[[ SUPPLIED DATA open ]]

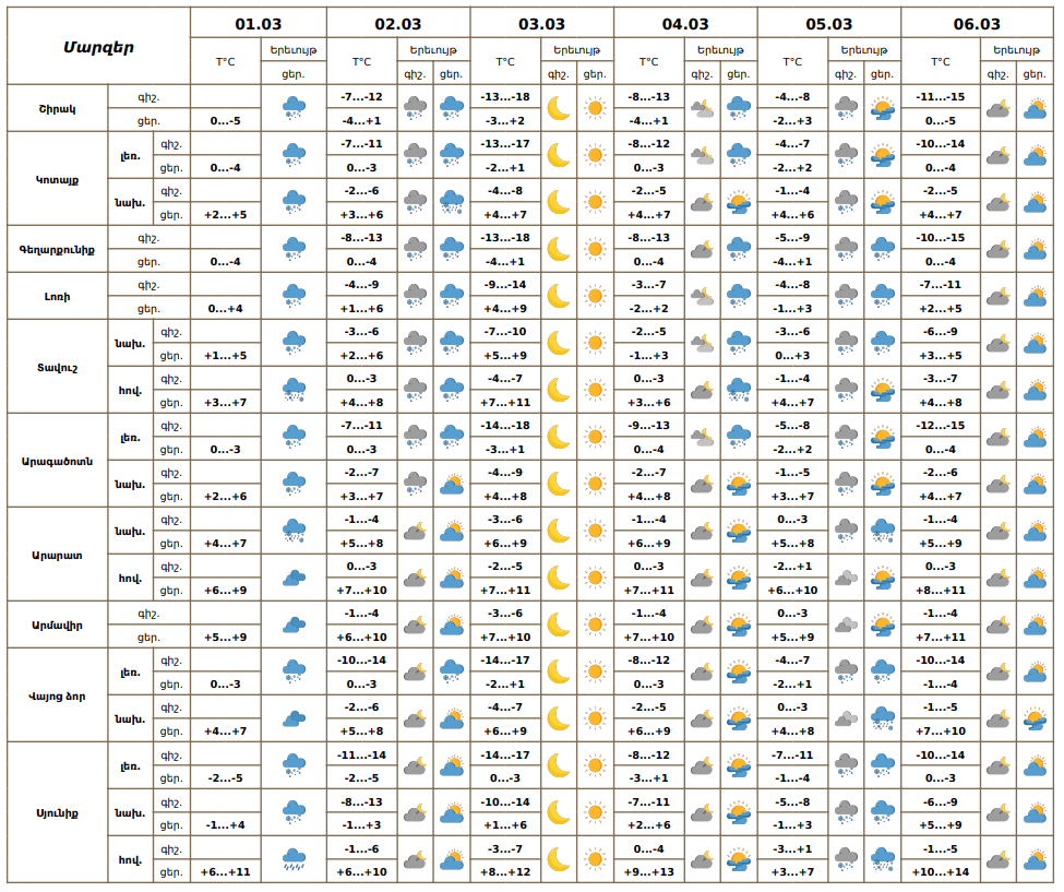 Հանրապետության տարածքում մարտի 1-ի ցերեկը, մարտի 2-ին, 4-ի ցերեկը, 5-ին առանձին շրջաններում սպասվում են տեղումներ․ լեռնային և նախալեռնային շրջաններում ձյան, հովտային շրջաններում ձնախառն անձրևի և անձրևի տեսքով։ Լեռնային շրջաններում սպասվում է նաև բուք, ցածր հորիզոնական տեսանելիություն։ Ավտոճանապարհների առանձին հատվածներում սպասվում է նաև մերկասառույց։
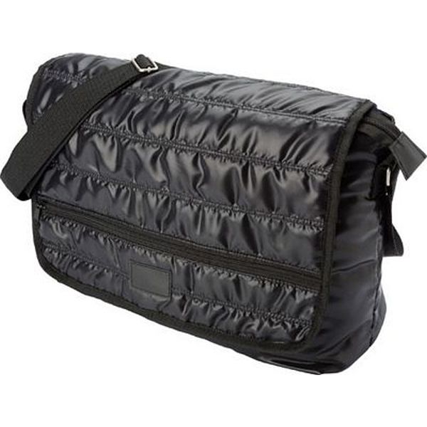 Polyester messenger bag (240D) with PU coating and a quilted flap, zipped main compartment, one zipped front pocket and one adjustable nylon carry strap.
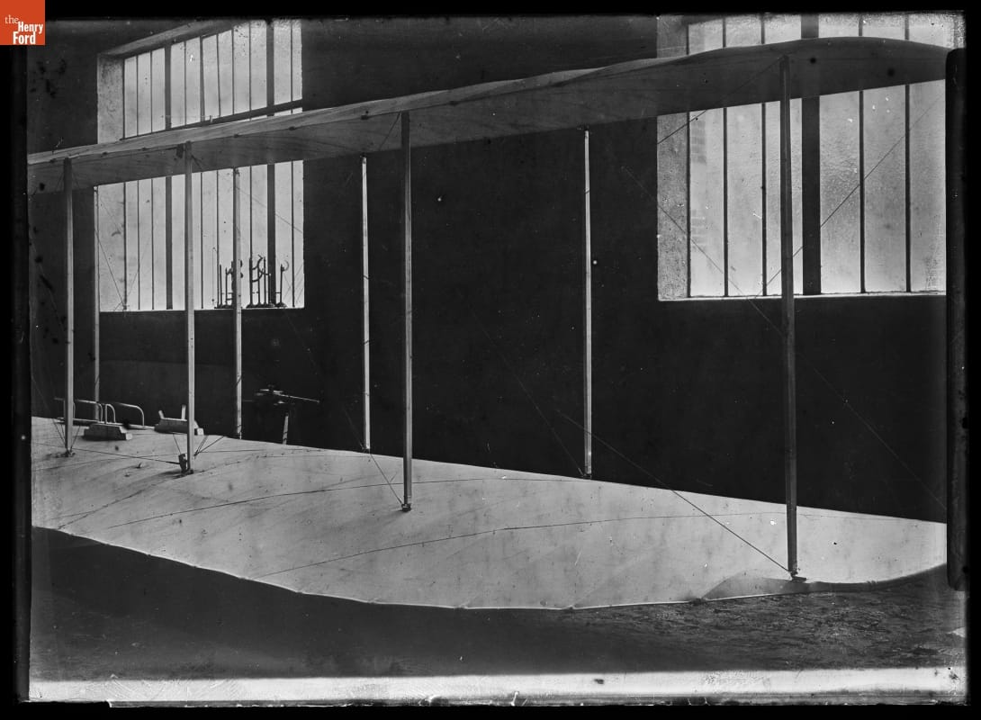 Wing of the Wright Flyer inside the Bollee Factory, Le Mans, France, 1908
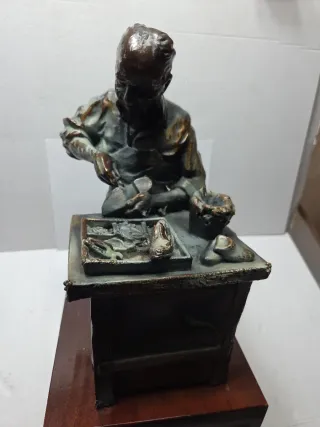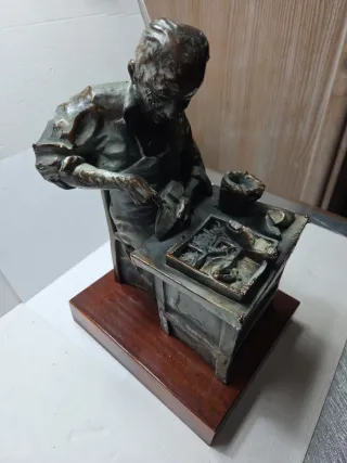 Figura antigua de bronce patinado que representa a un zapatero trabajando. Una pieza con gran detalle. Estado como se ve en fotos bien. Peso 3560 gramos. Medidas 28x18x16. - Material: Bronce patinado. - Representación: Zapatero artesano. - Base: Incluye base de madera.

[[ SUPPLIED DATA closed ]]

## WORK TO COMPLETE:
Give the data again exactly as it appears, but without any images.

## THE COMPLETED TASK:
 Հանրապետության տարածքում մարտի 1-ի ցերեկը, մարտի 2-ին, 4-ի ցերեկը, 5-ին առանձին շրջաններում սպասվում են տեղումներ․ լեռնային և նախալեռնային շրջաններում ձյան, հովտային շրջաններում ձնախառն անձրևի և անձրևի տեսքով։ Լեռնային շրջաններում սպասվում է նաև բուք, ցածր հորիզոնական տեսանելիություն։ Ավտոճանապարհների առանձին հատվածներում սպասվում է նաև մերկասառույց։
 Polyester messenger bag (240D) with PU coating and a quilted flap, zipped main compartment, one zipped front pocket and one adjustable nylon carry strap.
 Wing of the Wright Flyer inside the Bollee Factory, Le Mans, France, 1908
 Figura antigua de bronce patinado que representa a un zapatero trabajando. Una pieza con gran detalle. Estado como se ve en fotos bien. Peso 3560 gramos. Medidas 28x18x16. - Material: Bronce patinado. - Representación: Zapatero artesano. - Base: Incluye base de madera.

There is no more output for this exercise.